Hardware timers are free-running counters driven by the system clock. They are the backbone of precise timing in embedded systems: generating PWM signals, measuring pulse widths, triggering periodic interrupts, and counting external events.

Timer Configuration Chain
flowchart LR
    CLK["System Clock
e.g., 84 MHz"] --> PSC["Prescaler (PSC)
÷ (PSC+1)"] PSC --> CNT["Counter (CNT)
Counts 0 → ARR"] CNT --> ARR["Auto-Reload (ARR)
Overflow → Reset"] ARR --> EVT{"Event"} EVT -->|"Interrupt"| ISR["Timer ISR"] EVT -->|"PWM"| OC["Output Compare
(CCRx)"] EVT -->|"DMA"| DMA["DMA Transfer"]
## Timer Prescaler Calculator
## Compute PSC and ARR for a desired timer frequency

import math

# System parameters
system_clock_hz = 84_000_000  # 84 MHz (APB1 timer clock on STM32F411)
desired_freq_hz = 1000        # 1 kHz timer interrupt (1ms period)
timer_bits = 16               # 16-bit timer (max ARR = 65535)
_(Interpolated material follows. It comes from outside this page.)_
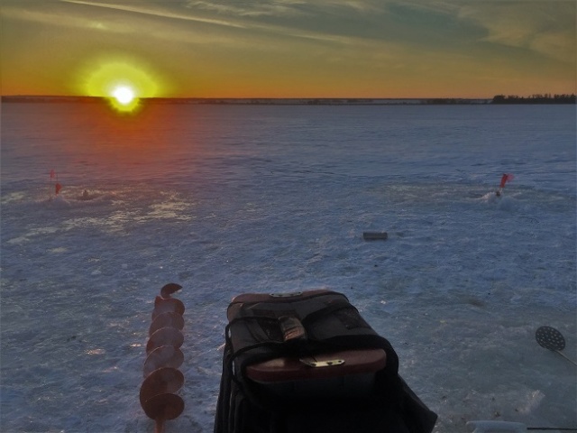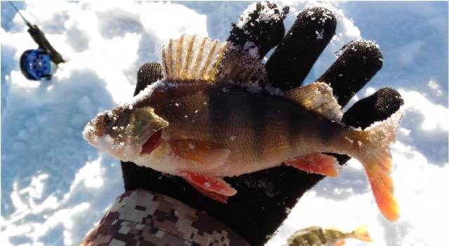 Последний день выходных- праздников перед рабочими днями обязательно нужно было провести на рыбалке. Несмотря на предупреждения и порывистый ветер, предсказатели погоды рисовали солнышко на своих интернет страницах. И как бы не готовился заранее, всегда на рыбалке образуется узелок на леске или расстёгивается карабин. В этот раз, пробежав по лункам балансиром четвёркой, и получив поклёвки с нулевой реализацией, предпринята смена приманки. На пятый выбранный мной балансир троечку_ полосатый начал выскакивать из лунки в руки. Появлялся азарт, мелкий-средний окунь брал у дна, покрупнее полметра от дна и до края лунки. И классика жанра- один бандит уходит с подвесным тройником, замена. Потом баланс превращается терминатора, но окунь держит темп до последнего. 3км до точки высадки обратно и домой.

max_count = (2 ** timer_bits) - 1  # 65535

# Calculate: freq = clock / ((PSC+1) * (ARR+1))
# So (PSC+1) * (ARR+1) = clock / freq
total_counts = system_clock_hz / desired_freq_hz
print(f"Total counts needed: {total_counts:.0f}")

# Find best PSC/ARR combination (prefer larger ARR for better resolution)
best_psc = 0
best_arr = 0
best_error = float('inf')

for psc in range(0, 65536):
    arr = total_counts / (psc + 1) - 1
    if arr < 0 or arr > max_count:
        continue
    arr_rounded = round(arr)
    actual_freq = system_clock_hz / ((psc + 1) * (arr_rounded + 1))
    error = abs(actual_freq - desired_freq_hz)
    if error < best_error:
        best_error = error
        best_psc = psc
        best_arr = arr_rounded
    if error == 0:
        break

actual = system_clock_hz / ((best_psc + 1) * (best_arr + 1))
print(f"\nBest configuration for {desired_freq_hz} Hz:")
print(f"  PSC = {best_psc}")
print(f"  ARR = {best_arr}")
print(f"  Actual frequency: {actual:.2f} Hz")
print(f"  Error: {abs(actual - desired_freq_hz):.4f} Hz")
Output
Total counts needed: 84000

Best configuration for 1000 Hz:
  PSC = 83
  ARR = 999
  Actual frequency: 1000.00 Hz
  Error: 0.0000 Hz

PWM Generation

Pulse Width Modulation uses a timer’s output compare feature to generate variable-duty-cycle square waves. The duty cycle is set by the CCR (Capture/Compare Register) value relative to the ARR (Auto-Reload Register).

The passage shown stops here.